There is nothing wrong with the same *Unicode* character being rendered
slightly differently when used to emulate *different* platforms. Unless
it is the very same platform that exhibits different shapes (and in the
same display "mode" or "shift"). In that case, the principle of source
set separation becomes applicable (which is the principle that should
have been applied to the curved connector case. If it makes you happy,
you can cite my opinion on that).
However, I didn't spot where that would have been the case for the line
segments. From my quick perusal of the proposals and the critique here
it seems that this is a matter of the different displays having
different weights and therefore, the preferred font / bitmap cannot be
the same in each context. However, there's not implied need to be able
to emulate a screen where different parts of the emulator have support a
different legacy system.

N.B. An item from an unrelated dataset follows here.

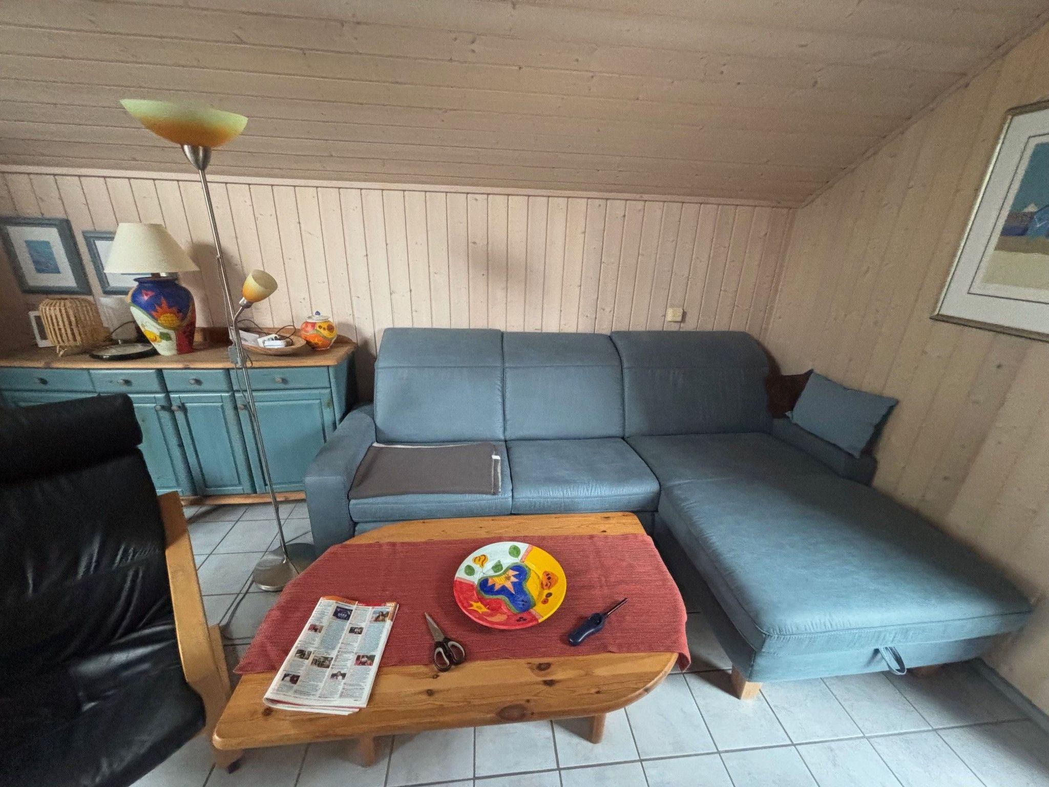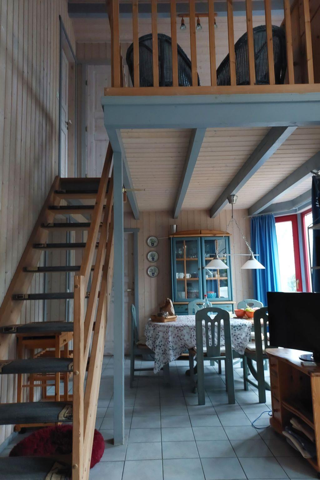 The interior of the Nordic wooden house has a warm and inviting atmosphere. The floors are practically laid with tiles or laminate, making them easy to maintain during your stay. For cosy evenings, there is a comfortable seating area in the living room, complemented by an inviting wood-burning stove. For entertainment, there is a flat-screen TV, internet access and an internet radio, while the electric heating and partial underfloor heating provide cosy warmth. The kitchen is fully equipped with a ceramic hob, oven, dishwasher, microwave, fridge and coffee machine, leaving nothing to be desired.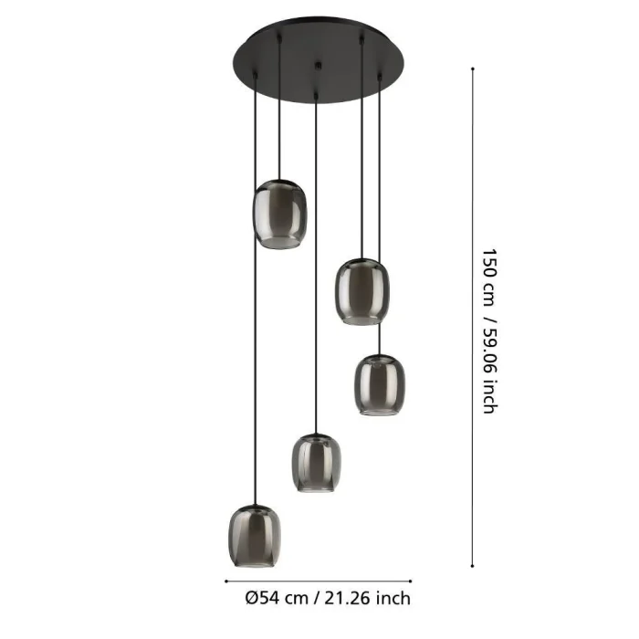 Bulb Holder Type: E27 Maximum Wattage: 5X28W Product Height: 150 cm Product Diameter: 54 cm Net Weight: 7.04 Kg Main Material: Steel Main Color: Black Glass/Hat Material: Vaporized Glass Glass/Hat Color: Grey IP Status: IP20 Switch Type: Wall Switch Product Voltage: 220-240V,50/60Hz

Usually, a single window (or nested window)
would display a single emulator.
Again, the identity of the Unicode character is giving by encoding the
intended mappings. If Unicode decides to map the same character to
similar characters on different platforms, that is not a problem, as
long as implementers know that the intent is to use a platform-specific
rendering (and not assume that there is only one possible rendering per
character).
If you feel that the guidance available to implementers in the text of
the standard or in an annotation of the nameslist is not sufficent, then
the remedy would be to ask for the explanation to be updated. We are
unfortunately locked in as far as character names are concerned, but we
can add a note (best in the text of the standard) that explains that
emulators for some systems will need an adjusted design so a sequence or
other arrangement of these characters looks correct.
A./
PS: I see that you confirm below that the two cases are of a different
nature.
Dnia 25 października 2025 00:44 Asmus Freytag via Unicode
<[email protected]> napisał(a):
On 10/24/2025 2:54 PM, Nitai Sasson via Unicode wrote:
f you use a font that makes those Unicode characters look like
they did on their original platform, there is no issue. But a
given font can only emulate one platform at a time. You're not
going to get a C64 and PET/VIC-20 frankenstein of a document.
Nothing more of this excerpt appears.